● What to produce: The copy must match the data below line for line and contain no images.

● Information supplied:
════════════════════
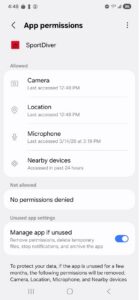 - Check the SportDiver app permissions and make sure they are all allowed. For iPhones, go to the phone settings, scroll down to the SportDiver app and accept all permissions. For Android, go to the phone settings, scroll down to Apps and select SportDiver – there you will find the app permissions screen.
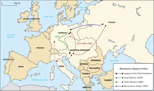 In 1887, German and Russian alignment was secured by means of a secret Reinsurance Treaty arranged by Otto von Bismarck. However, in 1890, Bismarck fell from power, and the treaty was allowed to lapse in favor of the Dual Alliance (1879) between Germany and Austria-Hungary. That development was attributed to Count Leo von Caprivi, the Prussian general who replaced Bismarck as chancellor. It is claimed that Caprivi recognized a personal inability to manage the European system as his predecessor had and so was counseled by contemporary figures such as Friedrich von Holstein to follow a more logical approach, as opposed to Bismarck's complex and even duplicitous strategy.[16] Thus, the treaty with Austria-Hungary was concluded despite the Russian willingness to amend the Reinsurance Treaty and to sacrifice a provision referred to as the "very secret additions"[16] that concerned the Turkish Straits.[17]
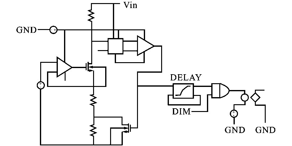 文中實現(xiàn)了一種簡單的滯流控制模塊,通過模塊內(nèi)部自建滯環(huán)比較電壓, 結(jié)合DIM 控制端的PWM 信號控制功率開關(guān)管的通斷,實現(xiàn)對L ED 的恒流控制。
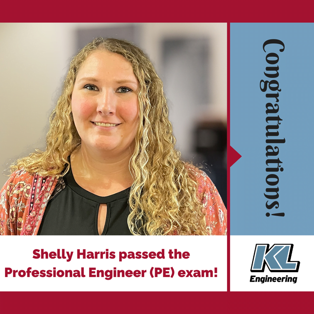 Congratulations to Shelly Harris for passing her Professional Engineer (PE) exam. We celebrate this momentous accomplishment! Shelly has a BS in Civil Engineering from the University of South Dakota and joined KL Engineering in June 2022 as a structural design engineer for KL Engineering’s Infrastructure Services team in the Menomonie office.
════════════════════
● Solution to this exercise:
 - Check the SportDiver app permissions and make sure they are all allowed. For iPhones, go to the phone settings, scroll down to the SportDiver app and accept all permissions. For Android, go to the phone settings, scroll down to Apps and select SportDiver – there you will find the app permissions screen.
 In 1887, German and Russian alignment was secured by means of a secret Reinsurance Treaty arranged by Otto von Bismarck. However, in 1890, Bismarck fell from power, and the treaty was allowed to lapse in favor of the Dual Alliance (1879) between Germany and Austria-Hungary. That development was attributed to Count Leo von Caprivi, the Prussian general who replaced Bismarck as chancellor. It is claimed that Caprivi recognized a personal inability to manage the European system as his predecessor had and so was counseled by contemporary figures such as Friedrich von Holstein to follow a more logical approach, as opposed to Bismarck's complex and even duplicitous strategy.[16] Thus, the treaty with Austria-Hungary was concluded despite the Russian willingness to amend the Reinsurance Treaty and to sacrifice a provision referred to as the "very secret additions"[16] that concerned the Turkish Straits.[17]
 文中實現(xiàn)了一種簡單的滯流控制模塊,通過模塊內(nèi)部自建滯環(huán)比較電壓, 結(jié)合DIM 控制端的PWM 信號控制功率開關(guān)管的通斷,實現(xiàn)對L ED 的恒流控制。
 Congratulations to Shelly Harris for passing her Professional Engineer (PE) exam. We celebrate this momentous accomplishment! Shelly has a BS in Civil Engineering from the University of South Dakota and joined KL Engineering in June 2022 as a structural design engineer for KL Engineering’s Infrastructure Services team in the Menomonie office.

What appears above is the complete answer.